The LWV of Port Washington-Manhasset (PWM) of NY, along with the New York State and Vermont State Leagues, asks other state and local Leagues to support consideration of a Concurrence at National Convention 2026 that would update the current LWV National position on Privatization (2012). 


PLEASE HELP US! Here’s What, Why and How!


Table of Contents

  1. Overview of the NY(PWM) update
  2. Essential Documents
  3. HOW TO HELP: Ways your League can Support this Concurrence
  4. Definitions
  5. What new advocacy will this Privatization position update permit?
  6. Concurrence requirements and information
  7. Learn More: Context and Studies

Starting Points.

To improve health care for themselves and for the general well-being of the whole population, the Health Care Taskforce in LWV-NY and several local Leagues see many legislative and regulatory steps that could be taken.  In particular, they would like to advocate against current corporate practices that siphon money out of health care; they want to support the efforts of public officials who want to stop the flow of our health care taxes into the hands of private companies, especially ones that are not acting in the public interest. Indeed, with respect to public goods like health care and public health, the private sector mandate to make a profit has a history of resulting in threats to public safety, reduced services, and increased costs to consumers and government to pay off corporate debt expenses. (See Cohen & Mikaelian, 2021, The Privatization of Everything. pdf of introduction)

Not Unique to Health Care. The steps the health care advocates feel they need to take are not unique to health care.  Similar advocacy would help improve a range of ESSENTIAL SERVICES, such as jails, clean water, sanitation and other utilities where control has been given over to private investors who treat them like any other commodity, as a source of cash and not a public resource.

These are topics the League has already submitted to rigorous study, with four official studies in the last two decades.  The current position in Impact on Issues was adopted in 2012, but according to its history, the Privatization position has not been used. 

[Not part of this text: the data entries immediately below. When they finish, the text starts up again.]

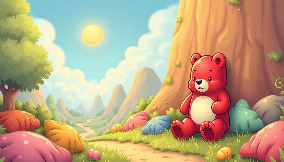 Жил-был мармеладный мишка. Однажды, маленький мальчик выронил его прямо на подушку, не заметил этого и уснул. Потом пришла мама мальчика и выключила в комнате свет. Мишке стало страшно. Он закрыл глаза и его тоже потянуло в сон. Проснулся он на пушистых пледовых полях. Вокруг были одеялковые горы, простыневые реки и наволочковые леса. Всё было так красиво и мягко, что мишке очень понравилось. Он полюбовался всем этим и решил пойти по дорожке. Он шёл, шёл и вдруг услышал странный звук. Он пошел в сторону звука и обнаружил маленькую подушечку, которая плакала. - Что случилось, маленькая подушечка? Почему ты плачешь? - спросил мишка. - Я потеряла свою любимую игрушку, плюшевого зайчика, - ответила подушечка. - Он был моим лучшим другом и без него я чувствую себя одиноко. Подушечка снова заплакала, но ещё сильнее. - Не плачь, я помогу тебе найти твоего зайчика, - сказал мишка. - Вместе мы обязательно справимся! Он взял подушечку за её тряпичную руку и они вместе начали поиски плюшевого
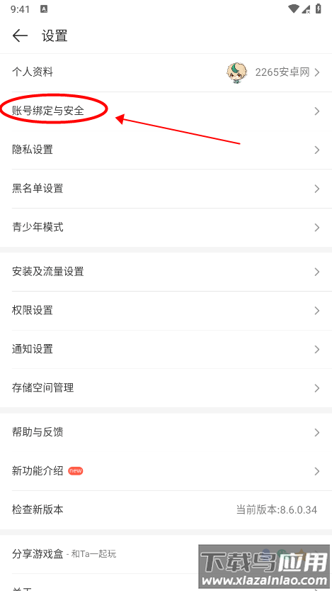 选择账号安全选项;
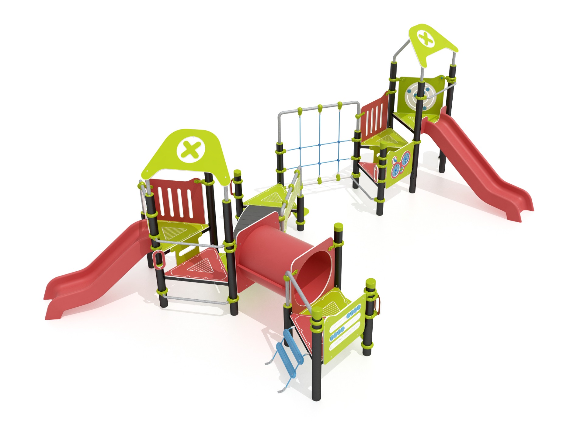 Design coloré, matériaux durables, usage en crèche, école ou parc public.
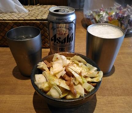 キャベッチャは結構量があり、缶ビール1本では余るくらい。

Making the position more useful, so it can guide needed League advocacy

**Updating the position. The NY (PWM) Privatization Update builds on the study and the Update LWV-Vermont adopted in 2023 for use within its state. In particular, NY (PWM) focuses our attention on four crucial elements that are IMPLICIT in the current US Privatization Position and the Update makes them EXPLICIT. It–

  • Clarifies its scope
  • Provides a clearer measure of “failure to perform”
  • “Adds teeth” to its recommendation for best practices.

**Focusing advocacy on the nationwide trend of Privatization and its relationship to the League mission.

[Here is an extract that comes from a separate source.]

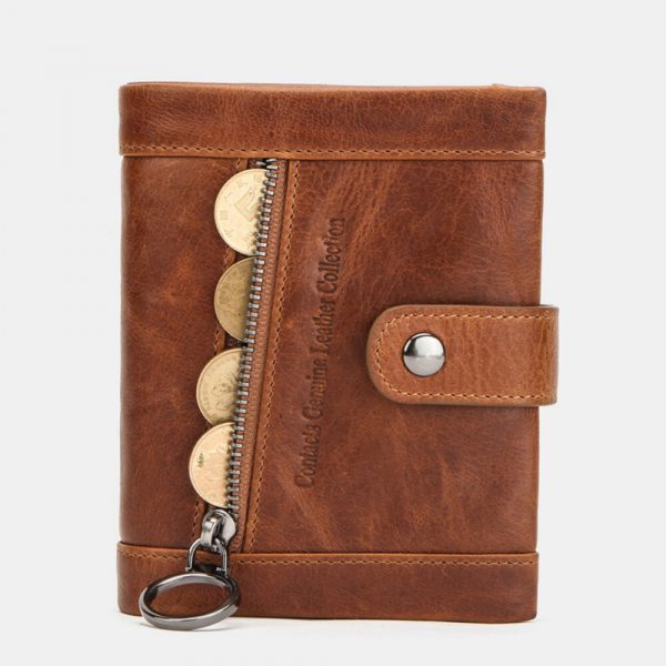 What is RFID?RFID (radio frequency identification) is a growing technology that uses radio waves to read and transfer information between devices. Personal cards that currently use this technology include credit cards, transit payment cards, and identification cards such as enhanced driver’s licenses.Why use a RFID wallet?Cards with RFID is vulnerable to scans by nearby person with RFID readers to capture information without ever physically coming in contact (similar to scanning a barcode). RFID wallets protect cards from unknown scans with the unique protective layering crafted inside the wallet lining.Benefits and Features:1.SAFETY AND SECURITY – Feel safe all the time anywhere in the world and stop stress about electronic pick pocketing.2.Sleek standard size that will fit any jeans pocket. No sharp or annoying edges.3.Good space for your cards, money, bills, driver license, photos and much more.Details:MaterialGenuine LeatherColorCoffee, Black,Brown,GreenWeight130gLength10cm(3.94”)Height12cm(4.72”)Width2.5cm(0.98”)Inner PocketCash Pocket, Zipper Pocket, Card Slots, Photo Holder, Slot PocketClosureZipperHaspPackage include:1*WalletMore Details:

the siphoning of public funding (taxes) into corporate profits and away from critical services aimed “to preserve the common good, to protect national or local security or to meet the needs of the most vulnerable members of society.”[1]

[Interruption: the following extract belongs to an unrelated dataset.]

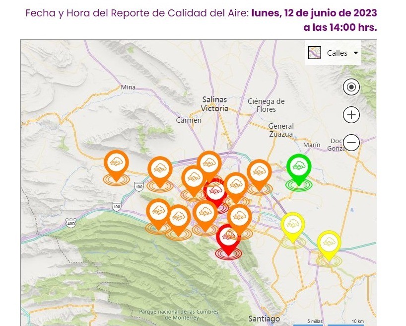 Doce de las quince estaciones de monitoreo ambiental reportan condiciones de malas a muy malas en la calidad del aire de la metrópoli. Contrario a lo que comúnmente se registra, en esta ocasión el ozono es el contaminante que predomina en la ciudad en al menos nueve zonas. El índice más alto se observa en Universidad donde se concentran 143 partes por billón (ppb), por lo que se marca en rojo con muy mala calidad del aire. También la estación de Pueblo Serena se ubica en ese mismo color, con 136 ppb en dicho contaminante. Además de éstas, Santa Catarina, San Bernabé, Misión San Juan (García 2), Escobedo, Obispado y San Nicolás muestran concentraciones de Ozono, con valores que van de los 117 a los 127 ppb, colocándolas en malas condiciones, por lo que aparecen en naranja. En ese mismo color, están García, La Pastora y Apodaca; sin embargo, en las dos primeras estaciones predominan las partículas PM10 con valores de 133 y 87 microgramos por metro cúbico (µgr/m3); y en la tercera, las partículas finas ó PM2.5 en donde se alcanzó los 50 µgr/m3. Por otro lado, Cadereyta registra 65 (µgr/m3) en PM10; y Juárez 44 µgr/m3 en PM2.5, que las conserva en una calidad del aire regular, observándose en amarillo. La única estación en la que hay buenas condiciones es Pesquería, que reporta 43 µgr/m3 en PM10. Por ello, se exhorta a la población en general a no realizar actividades físicas moderadas y vigorosas al aire libre, así como atenderse en caso de presentar síntomas respiratorios o cardíacos.

[1] US Privatization Position, p.76 of https://www.lwv.org/sites/default/files/2024-12/ImpactOnIssues_2024-FINAL-DIGITAL.pdf


2. Essential Documents


Pave the way for discussion and a vote on the Update Concurrence at the 2026 Convention,

[“Going an extra mile,” STEPS for a local League to adopt the NY position by concurrence (for itself) – it’s likely too late for this this year… but let us know if you’re interested in it.]

4. Definitions


5. What new advocacy will this Privatization position update permit?


6. Concurrence requirements (per LWVUS by-laws)


Need to reach us? Use our “email hotline”: LWV.Update4Convention@gmail.com



Running list of video on privatization.

Issues to consider in deciding whether to support the NY update:

Issue One, the LWVUS position on Privatization covers the privatization of all public goods (listed in the position) — and the Vermont study group focused on the principles governing privatization of those public goods, although they often used healthcare as the key example since it is the most privatized of all American public goods.  In fact, the principles governing privatization also apply in other domains, for example, privatized jails, private schools that used public money, utilities, and other.

Issue Two. The National League position on Privatization is not about free markets or capitalism in general nor about allowing the private sector to earn profits — instead it provides guidance to local, state, and national Leagues on legislation and regulation of services that the League considers essential “to preserve the common good, to protect national or local security or to meet the needs of the most vulnerable members of society” — and only those services. By adding the “fiduciary duty” standard, the Update will allow Leagues to advocate for legislation or regulation of both for-profit and nonprofit entities that fail to meet that standard.


After months of study and a consensus meeting, the League of Women Voters of Vermont Board of Directors approved a new position and has been both educating and advocating with it at the local and state levels. However, when LWVVT proposed a national update at the 2024 Convention, there appeared to be insufficient clarity about why it was needed, and the measure was not adopted.

League health care advocates across New York who advocate for healthcare reform considered a number of bills that would further limit privatization and/or remove private middlemen from health care. Sadly, their healthcare posiiton could not support advocacy in favor of those bills, nor could use the national position on privatization. They saw the new 2023 Vermont position as useful but, while educating NY League members about it, they decided to streamline it to make it easier to explain (and thereby to adopt).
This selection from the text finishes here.